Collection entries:
- - -

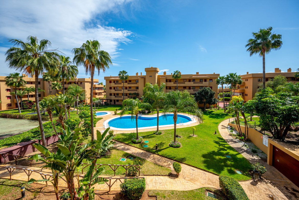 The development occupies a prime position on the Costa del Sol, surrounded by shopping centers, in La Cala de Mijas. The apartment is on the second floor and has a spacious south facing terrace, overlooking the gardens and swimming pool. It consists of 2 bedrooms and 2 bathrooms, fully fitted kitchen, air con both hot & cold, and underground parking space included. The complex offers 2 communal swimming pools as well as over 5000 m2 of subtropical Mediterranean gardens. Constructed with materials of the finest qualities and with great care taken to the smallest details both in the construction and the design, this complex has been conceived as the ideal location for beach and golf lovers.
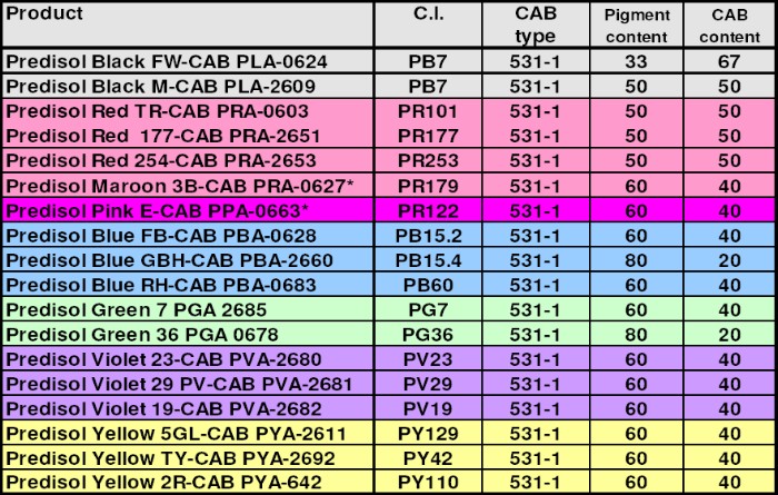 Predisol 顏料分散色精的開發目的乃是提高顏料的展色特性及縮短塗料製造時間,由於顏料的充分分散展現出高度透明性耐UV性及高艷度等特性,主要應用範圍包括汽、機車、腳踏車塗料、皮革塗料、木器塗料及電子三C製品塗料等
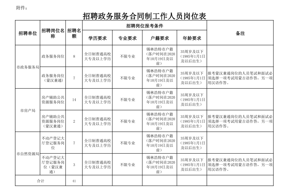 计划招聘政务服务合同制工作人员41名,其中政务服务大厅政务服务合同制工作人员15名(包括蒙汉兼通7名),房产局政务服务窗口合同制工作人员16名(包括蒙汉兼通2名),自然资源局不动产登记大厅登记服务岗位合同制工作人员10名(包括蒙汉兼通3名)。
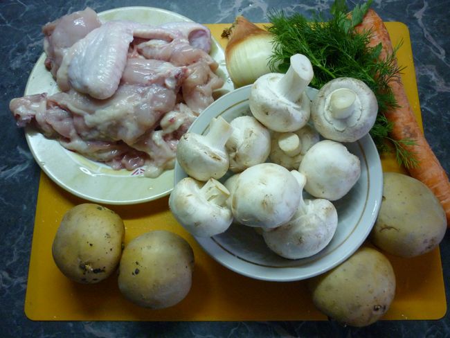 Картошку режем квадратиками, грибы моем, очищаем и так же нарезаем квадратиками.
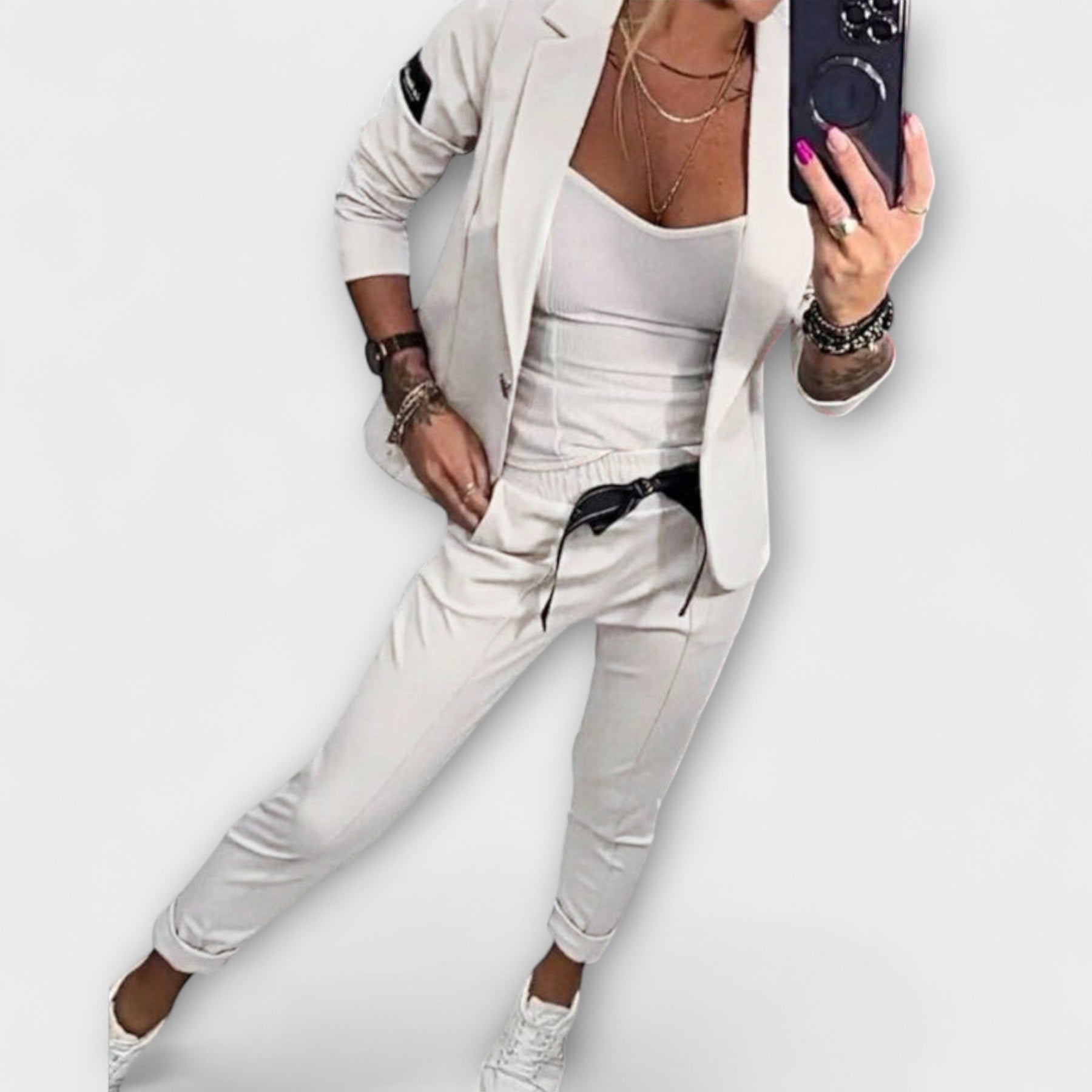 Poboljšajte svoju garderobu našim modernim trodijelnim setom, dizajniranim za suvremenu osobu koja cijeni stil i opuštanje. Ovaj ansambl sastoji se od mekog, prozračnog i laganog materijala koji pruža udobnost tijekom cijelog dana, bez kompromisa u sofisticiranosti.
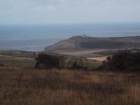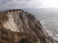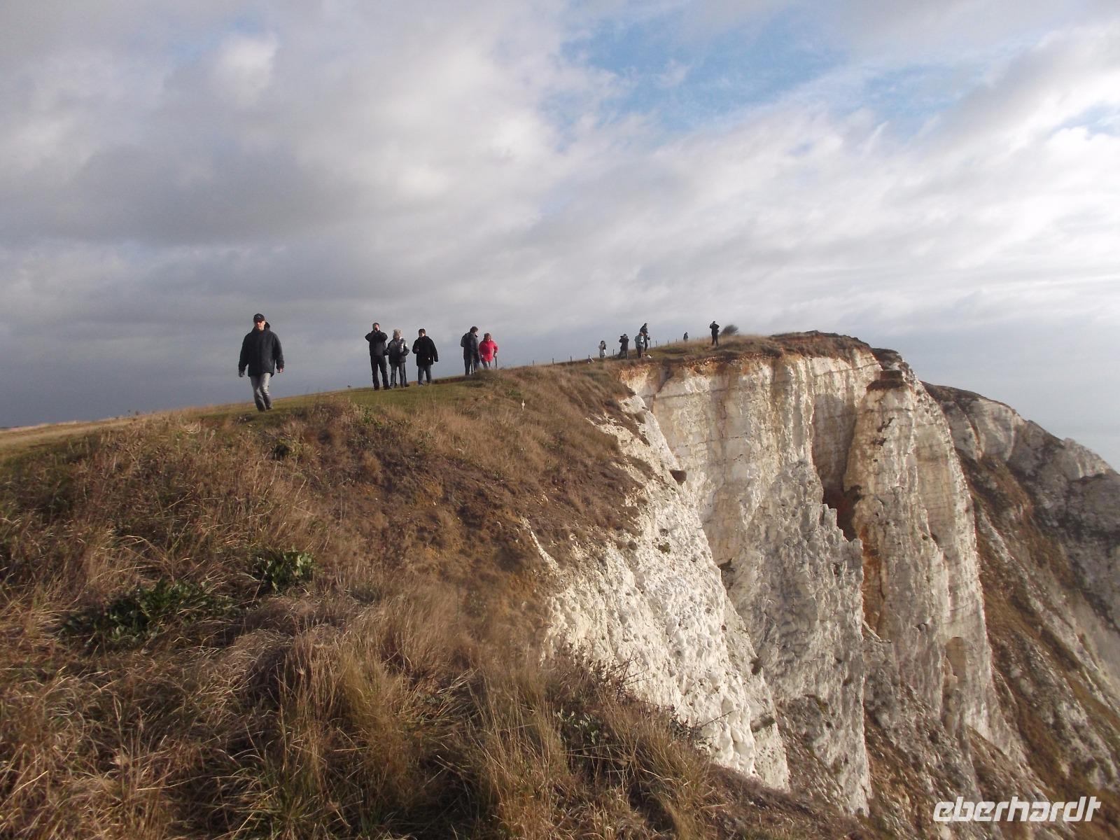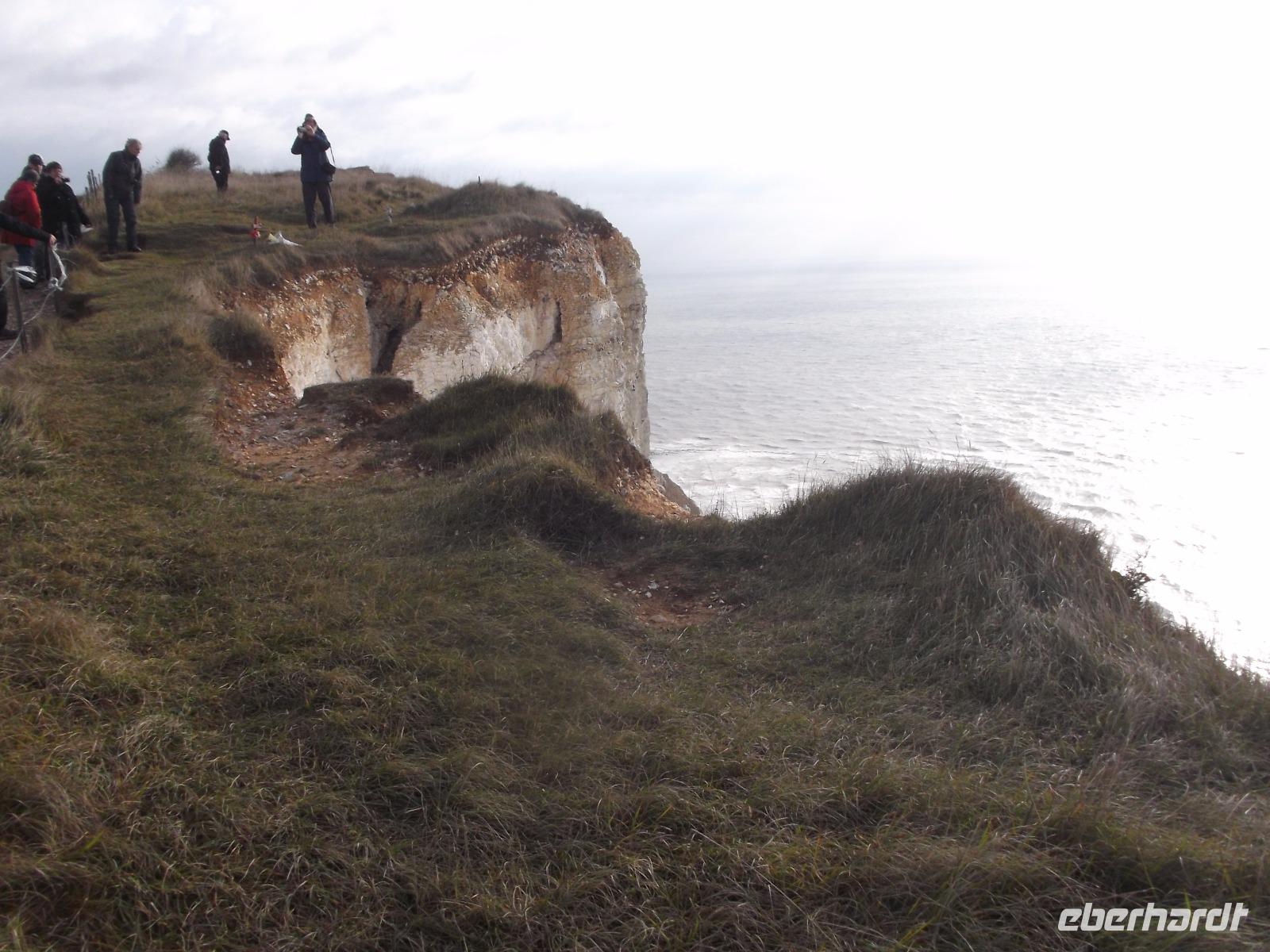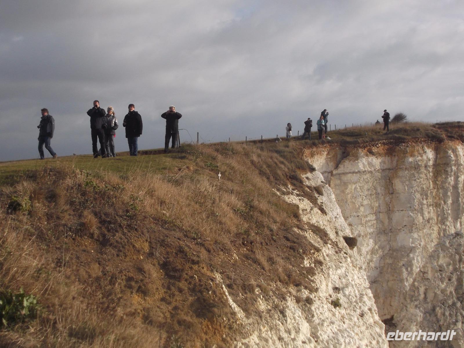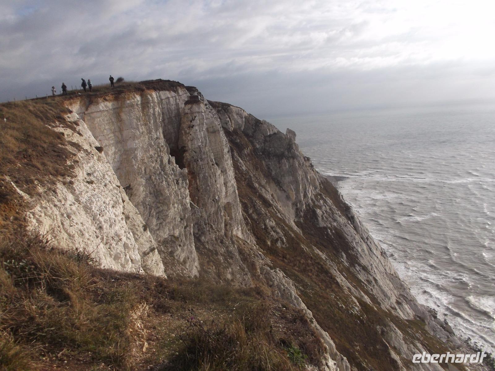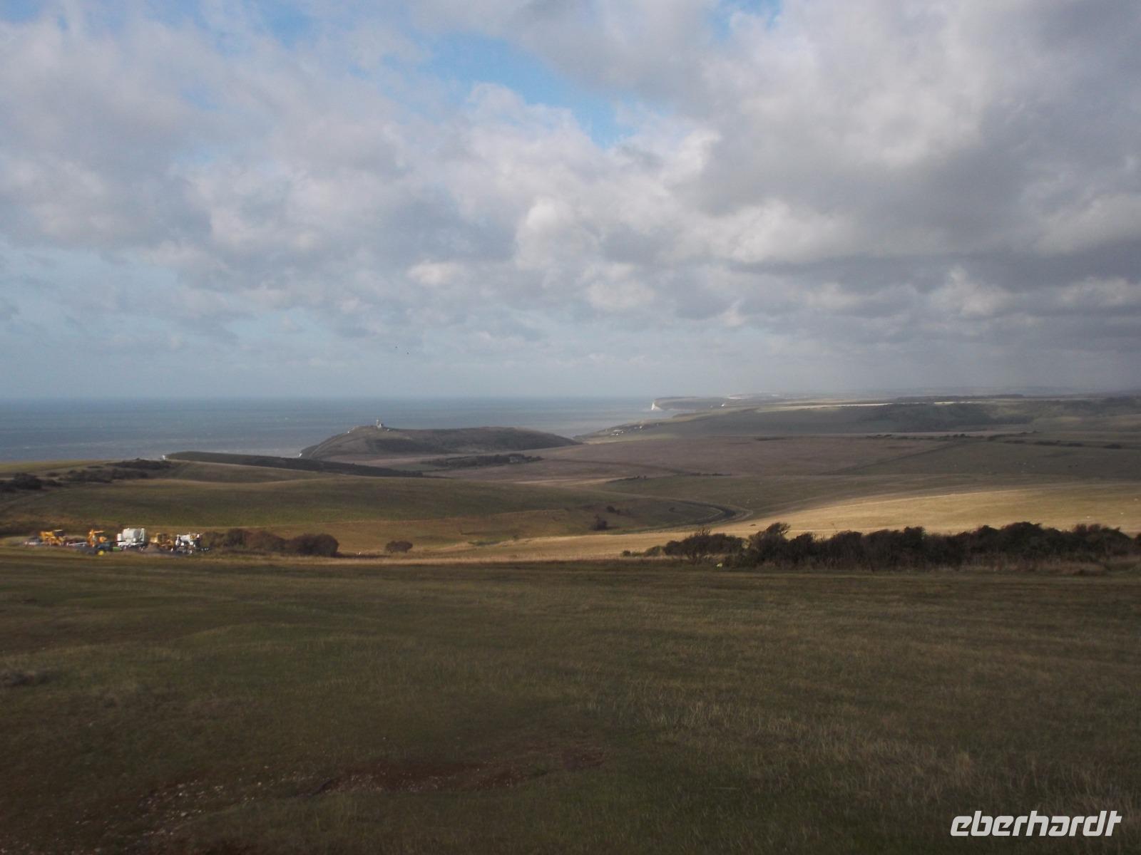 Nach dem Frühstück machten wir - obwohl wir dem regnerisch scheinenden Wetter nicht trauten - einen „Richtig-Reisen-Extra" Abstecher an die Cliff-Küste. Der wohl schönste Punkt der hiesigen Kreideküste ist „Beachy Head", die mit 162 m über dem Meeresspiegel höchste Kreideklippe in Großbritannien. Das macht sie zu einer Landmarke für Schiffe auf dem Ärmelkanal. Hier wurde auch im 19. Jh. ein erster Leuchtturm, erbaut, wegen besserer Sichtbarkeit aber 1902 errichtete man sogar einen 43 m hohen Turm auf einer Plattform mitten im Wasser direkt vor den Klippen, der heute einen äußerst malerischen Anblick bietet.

- - -

- **What needs to be done**: Repeat the preceding records exactly but drop the images.

- **Output of the exercise**:
 The development occupies a prime position on the Costa del Sol, surrounded by shopping centers, in La Cala de Mijas. The apartment is on the second floor and has a spacious south facing terrace, overlooking the gardens and swimming pool. It consists of 2 bedrooms and 2 bathrooms, fully fitted kitchen, air con both hot & cold, and underground parking space included. The complex offers 2 communal swimming pools as well as over 5000 m2 of subtropical Mediterranean gardens. Constructed with materials of the finest qualities and with great care taken to the smallest details both in the construction and the design, this complex has been conceived as the ideal location for beach and golf lovers.
 Predisol 顏料分散色精的開發目的乃是提高顏料的展色特性及縮短塗料製造時間,由於顏料的充分分散展現出高度透明性耐UV性及高艷度等特性,主要應用範圍包括汽、機車、腳踏車塗料、皮革塗料、木器塗料及電子三C製品塗料等
 计划招聘政务服务合同制工作人员41名,其中政务服务大厅政务服务合同制工作人员15名(包括蒙汉兼通7名),房产局政务服务窗口合同制工作人员16名(包括蒙汉兼通2名),自然资源局不动产登记大厅登记服务岗位合同制工作人员10名(包括蒙汉兼通3名)。
 Картошку режем квадратиками, грибы моем, очищаем и так же нарезаем квадратиками.
 Poboljšajte svoju garderobu našim modernim trodijelnim setom, dizajniranim za suvremenu osobu koja cijeni stil i opuštanje. Ovaj ansambl sastoji se od mekog, prozračnog i laganog materijala koji pruža udobnost tijekom cijelog dana, bez kompromisa u sofisticiranosti.
 Nach dem Frühstück machten wir - obwohl wir dem regnerisch scheinenden Wetter nicht trauten - einen „Richtig-Reisen-Extra" Abstecher an die Cliff-Küste. Der wohl schönste Punkt der hiesigen Kreideküste ist „Beachy Head", die mit 162 m über dem Meeresspiegel höchste Kreideklippe in Großbritannien. Das macht sie zu einer Landmarke für Schiffe auf dem Ärmelkanal. Hier wurde auch im 19. Jh. ein erster Leuchtturm, erbaut, wegen besserer Sichtbarkeit aber 1902 errichtete man sogar einen 43 m hohen Turm auf einer Plattform mitten im Wasser direkt vor den Klippen, der heute einen äußerst malerischen Anblick bietet.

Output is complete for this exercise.